EXERCISE DESCRIPTION: Output all entries exactly; images excluded.

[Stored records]
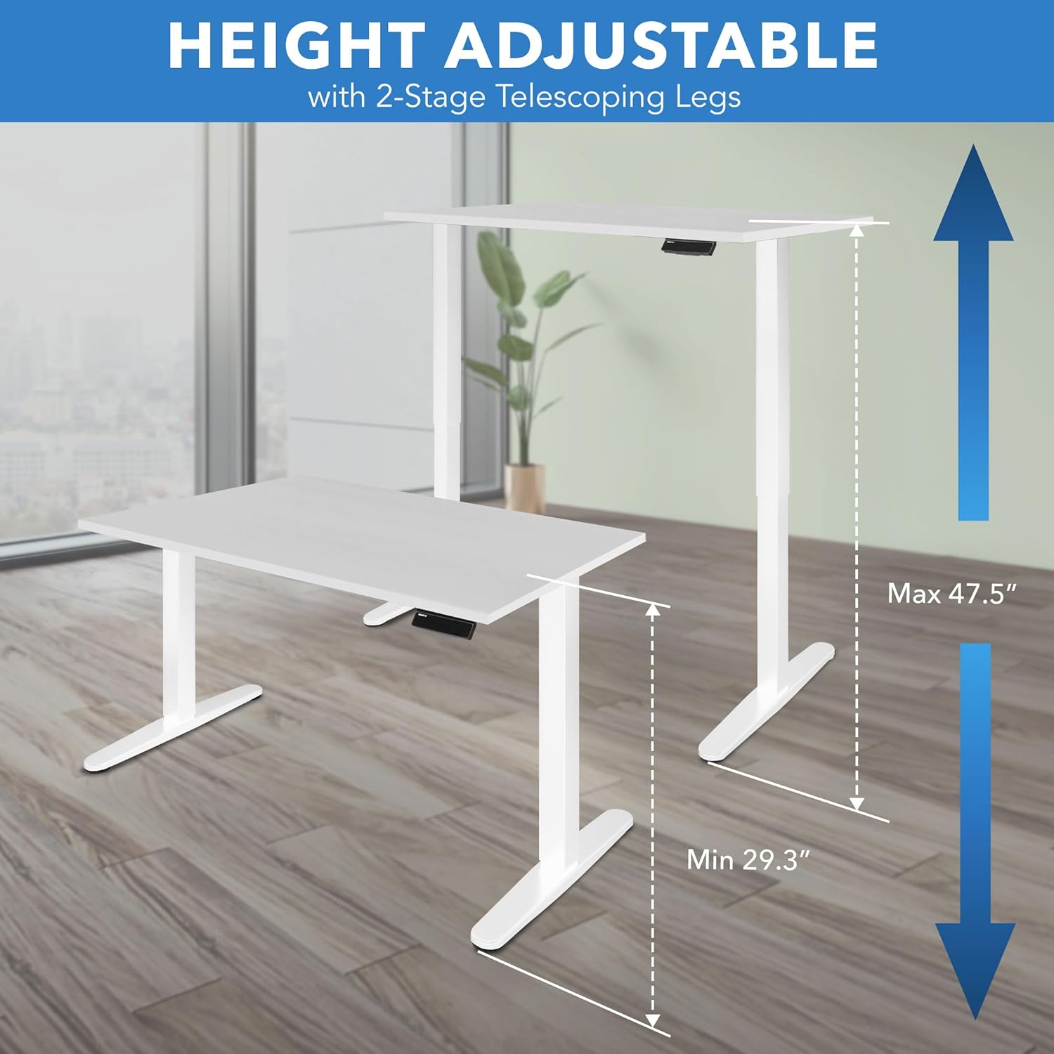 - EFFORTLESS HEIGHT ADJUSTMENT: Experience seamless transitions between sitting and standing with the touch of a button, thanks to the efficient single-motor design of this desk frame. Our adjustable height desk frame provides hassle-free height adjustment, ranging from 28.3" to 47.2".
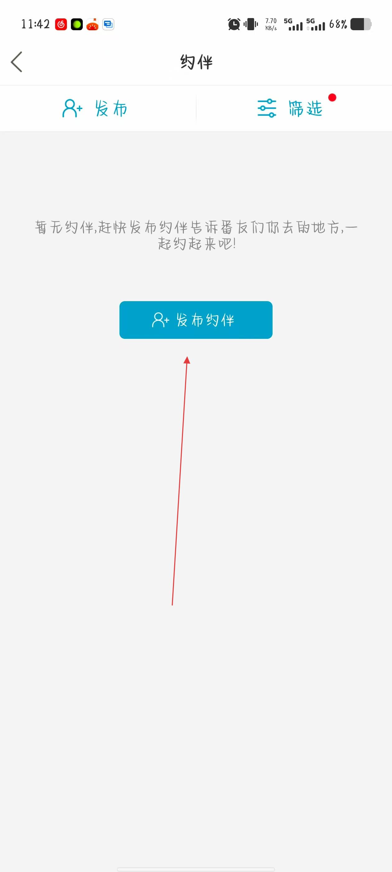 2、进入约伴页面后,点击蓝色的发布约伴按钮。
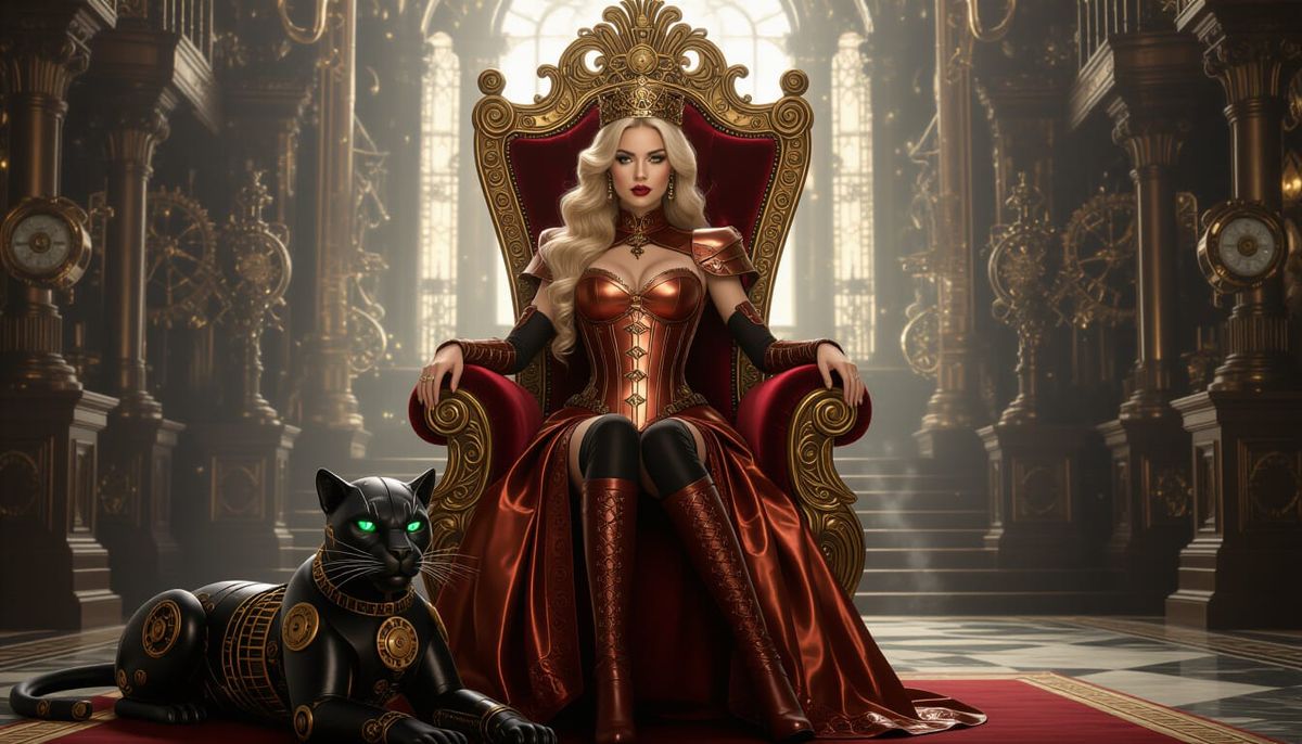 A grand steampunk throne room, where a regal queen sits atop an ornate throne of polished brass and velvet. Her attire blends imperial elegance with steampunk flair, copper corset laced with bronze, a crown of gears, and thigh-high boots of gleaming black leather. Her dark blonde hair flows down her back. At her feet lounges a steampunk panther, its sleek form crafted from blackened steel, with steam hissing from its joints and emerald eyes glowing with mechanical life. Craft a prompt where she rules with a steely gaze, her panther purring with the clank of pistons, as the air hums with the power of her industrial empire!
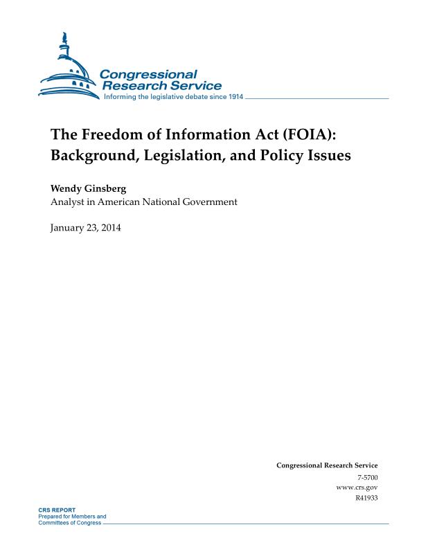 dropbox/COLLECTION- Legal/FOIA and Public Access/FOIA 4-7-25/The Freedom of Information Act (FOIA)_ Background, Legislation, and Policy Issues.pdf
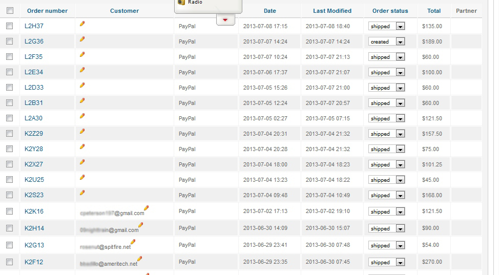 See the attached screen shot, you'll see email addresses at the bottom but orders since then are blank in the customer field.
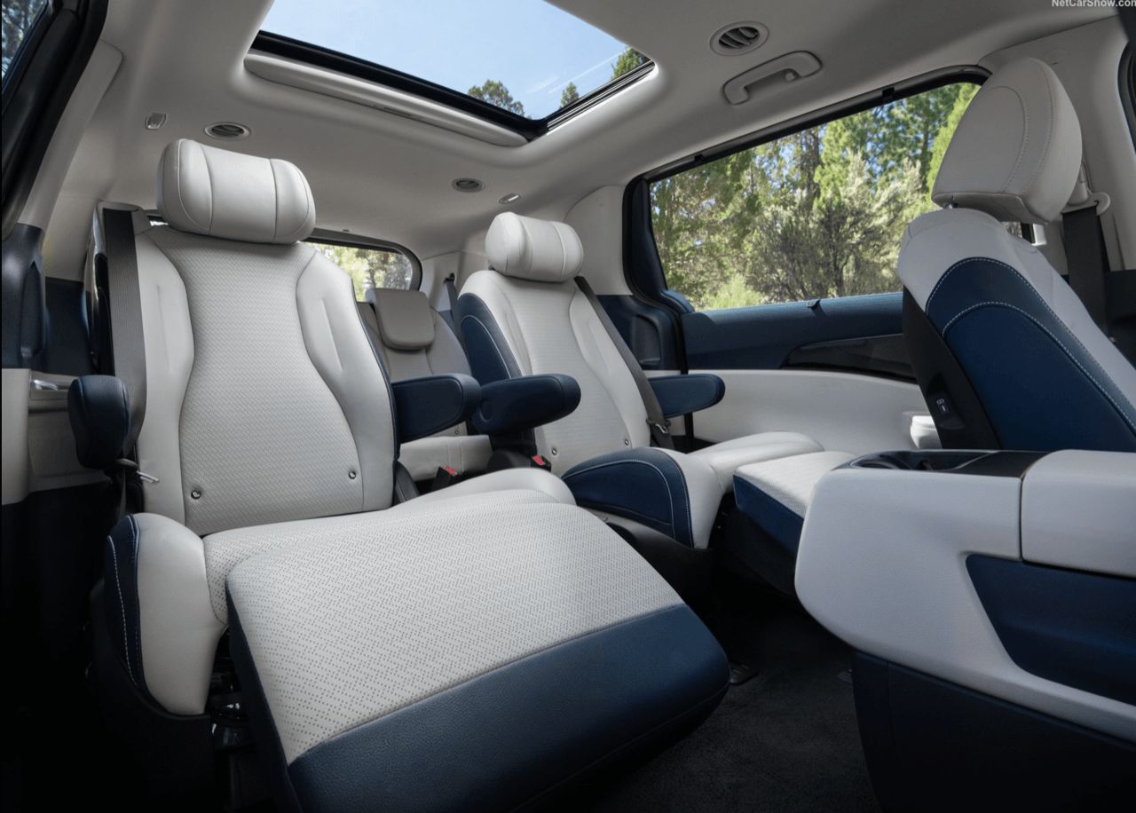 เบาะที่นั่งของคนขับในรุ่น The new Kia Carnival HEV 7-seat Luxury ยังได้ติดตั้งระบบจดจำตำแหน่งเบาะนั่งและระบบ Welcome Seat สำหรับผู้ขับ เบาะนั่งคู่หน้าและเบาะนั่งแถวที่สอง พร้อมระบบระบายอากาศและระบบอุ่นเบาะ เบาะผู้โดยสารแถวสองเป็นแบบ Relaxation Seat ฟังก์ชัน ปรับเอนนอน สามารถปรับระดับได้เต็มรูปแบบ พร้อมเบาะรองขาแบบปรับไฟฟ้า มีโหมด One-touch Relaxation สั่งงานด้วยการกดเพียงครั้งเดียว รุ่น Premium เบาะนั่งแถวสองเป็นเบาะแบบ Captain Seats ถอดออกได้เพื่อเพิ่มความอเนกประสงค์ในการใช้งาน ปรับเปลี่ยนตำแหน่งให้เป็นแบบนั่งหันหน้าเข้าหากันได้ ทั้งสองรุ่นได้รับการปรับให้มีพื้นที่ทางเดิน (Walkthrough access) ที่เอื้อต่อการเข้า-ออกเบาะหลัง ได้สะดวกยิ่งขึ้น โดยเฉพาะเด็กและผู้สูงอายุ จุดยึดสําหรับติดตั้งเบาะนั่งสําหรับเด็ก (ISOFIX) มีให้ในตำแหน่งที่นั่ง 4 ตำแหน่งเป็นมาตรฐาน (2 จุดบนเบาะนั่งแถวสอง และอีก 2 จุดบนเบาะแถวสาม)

WRITTEN SOLUTION:
 - EFFORTLESS HEIGHT ADJUSTMENT: Experience seamless transitions between sitting and standing with the touch of a button, thanks to the efficient single-motor design of this desk frame. Our adjustable height desk frame provides hassle-free height adjustment, ranging from 28.3" to 47.2".
 2、进入约伴页面后,点击蓝色的发布约伴按钮。
 A grand steampunk throne room, where a regal queen sits atop an ornate throne of polished brass and velvet. Her attire blends imperial elegance with steampunk flair, copper corset laced with bronze, a crown of gears, and thigh-high boots of gleaming black leather. Her dark blonde hair flows down her back. At her feet lounges a steampunk panther, its sleek form crafted from blackened steel, with steam hissing from its joints and emerald eyes glowing with mechanical life. Craft a prompt where she rules with a steely gaze, her panther purring with the clank of pistons, as the air hums with the power of her industrial empire!
 dropbox/COLLECTION- Legal/FOIA and Public Access/FOIA 4-7-25/The Freedom of Information Act (FOIA)_ Background, Legislation, and Policy Issues.pdf
 See the attached screen shot, you'll see email addresses at the bottom but orders since then are blank in the customer field.
 เบาะที่นั่งของคนขับในรุ่น The new Kia Carnival HEV 7-seat Luxury ยังได้ติดตั้งระบบจดจำตำแหน่งเบาะนั่งและระบบ Welcome Seat สำหรับผู้ขับ เบาะนั่งคู่หน้าและเบาะนั่งแถวที่สอง พร้อมระบบระบายอากาศและระบบอุ่นเบาะ เบาะผู้โดยสารแถวสองเป็นแบบ Relaxation Seat ฟังก์ชัน ปรับเอนนอน สามารถปรับระดับได้เต็มรูปแบบ พร้อมเบาะรองขาแบบปรับไฟฟ้า มีโหมด One-touch Relaxation สั่งงานด้วยการกดเพียงครั้งเดียว รุ่น Premium เบาะนั่งแถวสองเป็นเบาะแบบ Captain Seats ถอดออกได้เพื่อเพิ่มความอเนกประสงค์ในการใช้งาน ปรับเปลี่ยนตำแหน่งให้เป็นแบบนั่งหันหน้าเข้าหากันได้ ทั้งสองรุ่นได้รับการปรับให้มีพื้นที่ทางเดิน (Walkthrough access) ที่เอื้อต่อการเข้า-ออกเบาะหลัง ได้สะดวกยิ่งขึ้น โดยเฉพาะเด็กและผู้สูงอายุ จุดยึดสําหรับติดตั้งเบาะนั่งสําหรับเด็ก (ISOFIX) มีให้ในตำแหน่งที่นั่ง 4 ตำแหน่งเป็นมาตรฐาน (2 จุดบนเบาะนั่งแถวสอง และอีก 2 จุดบนเบาะแถวสาม)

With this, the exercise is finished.